The three components are sometimes called (1) the words and other linguistic units in a particular language, (2) the symbols or character set, and (3) the mapping rules - although the rules extend beyond simply mapping. One can display English sentences iin hieroglyphic "letters" without changing the anything else. We can also change the rules without changing the language. Orthographic reforms change the way the language is displayed, they do not change the way the language is spoken.- Orthographic Composition.
- The process of combining symbols in a writing system with one another as they are depicted in visual form. Compositionality of forms may be very little, as in printed English, or considerable, as in Arabic.
- Phoneme.
- A minimally distinct sound in the context of a particular spoken language. For example, in American English, /p/ and /b/ are distinct phonemes because pat and bat are distinct; however, the two different sounds of /t/ in tick and stick are not distinct, even though they are distinct in other languages, e.g., in Thai.
- Phonemic Writing.
- A writing system that incorporates the alphabetic principle of one sound per symbol. No system in use can be said to be isomorphic.
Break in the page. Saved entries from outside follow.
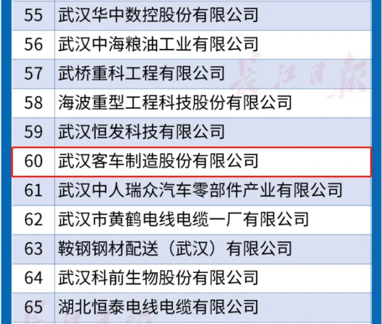 ? ? ? 9月25日,經(jīng)過武漢企業(yè)聯(lián)合會(huì)、武漢企業(yè)家協(xié)會(huì)聯(lián)合長江日報(bào)報(bào)業(yè)集團(tuán)、武漢廣播電視臺(tái)、武漢發(fā)展戰(zhàn)略研究院共同組織,在遵循企業(yè)自愿申報(bào)原則的基礎(chǔ)上,以2019年度營業(yè)收入為依據(jù),“2020年武漢企業(yè)100強(qiáng)(綜合百強(qiáng))”、“制造業(yè)企業(yè)100強(qiáng)(制造業(yè)百強(qiáng))”、“服務(wù)業(yè)企業(yè)100強(qiáng)(服務(wù)業(yè)百強(qiáng))” 排序榜正式發(fā)布。武漢客車制造股份有限公司位列2020武漢制造業(yè)企業(yè)第六十名!
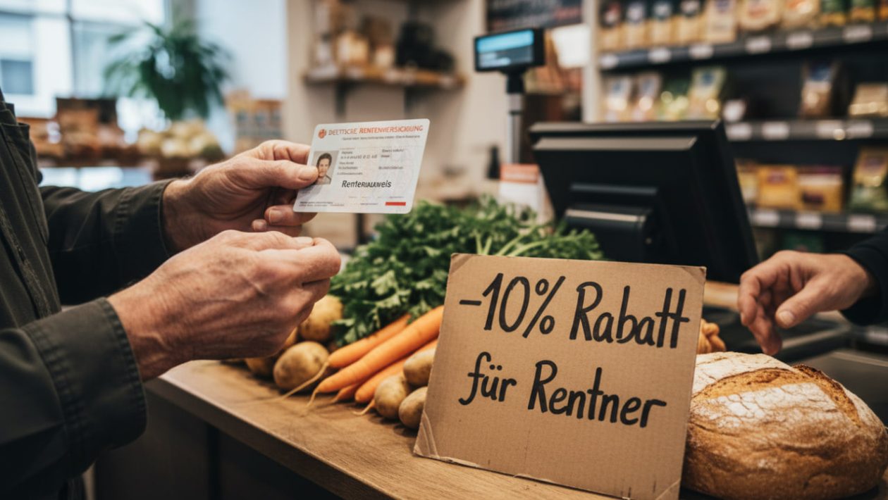 Kein Smartphone, kein QR-Code, keine Kundenkarte, kein Daten-Diebstahl. Die älteren Herrschaften müssen an der Kasse einfach nur kurz ihren offiziellen Papier-Rentenausweis vorzeigen, und die Kasse zieht automatisch zehn Prozent von der Summe ab.
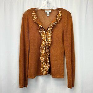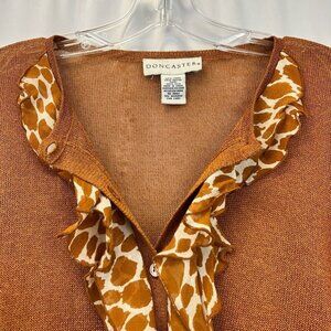 Doncaster Womens Button Up Cardigan Sweater Multicolor Giraffe Long Sleeve M
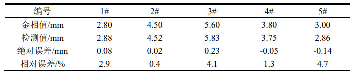 本文设计的车轴渗碳层弱磁检测系统针对目前其他检测技术的不足主要创新点在于提出一种全新检测理论的检测技术,利用测磁传感器无需外界激励以及耦合直接对渗碳层表面磁场强度信号进行检测操作简单,在传感器方面受相机成像测距启发,采用上下阵列的传感器分布方式,通过构建上下阵列传感器幅值比与渗碳层厚度的数学模型,实现对检测点渗碳层厚度的精准测量,且检测精度实现相对误差小于5%,完全满足工厂实际工作检测精度需求。
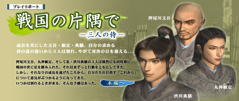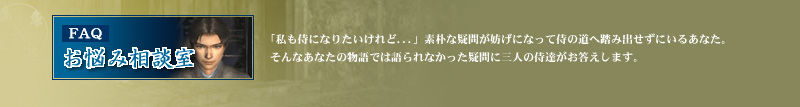 本編へ 侍の道 入門 侍の道 応用 武芸 侍の道 応用 軍学 侍の道 極意 対決、そして・・・ お悩み相談室
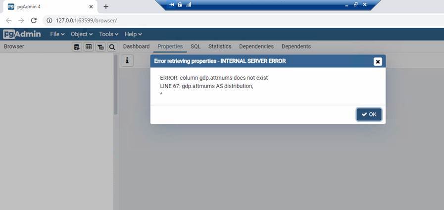 The pgAdmin 4 tool has been removed as an experimental feature. It is not officially supported by Broadcom VMware Support.

- A writing system which maps the symbols it employs onto the phonemes of the language being represented. The Finnish writing system is a good example of a nearly pure phonemic writing system; on the other hand, English and French writing systems are highly impure phonemic writing, since they both possess many silent letters, digraphs, multiple graphemic options for the same sound, and historically derived spellings unrelated to current pronunciation. There are phonemic writing systems for English but none of them have caught on.
- Phone.
- A minimum unit of sound articulated during speech. A single phoneme can materialize as various phones when actually pronounced, e.g., the /l/ in film is a different phone from that in limb. The process used in rendering Unicode of selecting a glyph based on context is similar to this process of selecting a phone based on phonemic context.
- Phonemic Writing
- Phonetic Writing.
- A writing system whose symbols (graphemes) correspond with the sounds articulated during speech production (phonemes), irrespective of whether the sounds are meaningfully distinct; e.g., the /t/ in English time and might would be written slightly differently in phonetic writing. The primary script used for phonetic writing is the International Phonetic Alphabet (IPA).
- Physical Order.
- An ordering of character code elements within a string such that the order corresponds to a particular external order; for example, display order, keyboard order, phonetic order, sorting order, etc., are all examples of particular physical orders. In text processing, this term usually refers to display device order, i.e., the order of glyphs needed to display some character text onto the device. Unicode employs a logical order which has some similarity to keyboard and phonetic order, although, strictu sensu, it is neither of these; it is a true logical order.
- Pidjin
- A convenient means communication between two linguistic communities. Typically a simplified form of English with grammatical elements and a few words from the native language. Developed pidjins become creoles, a distinct language often with a written form.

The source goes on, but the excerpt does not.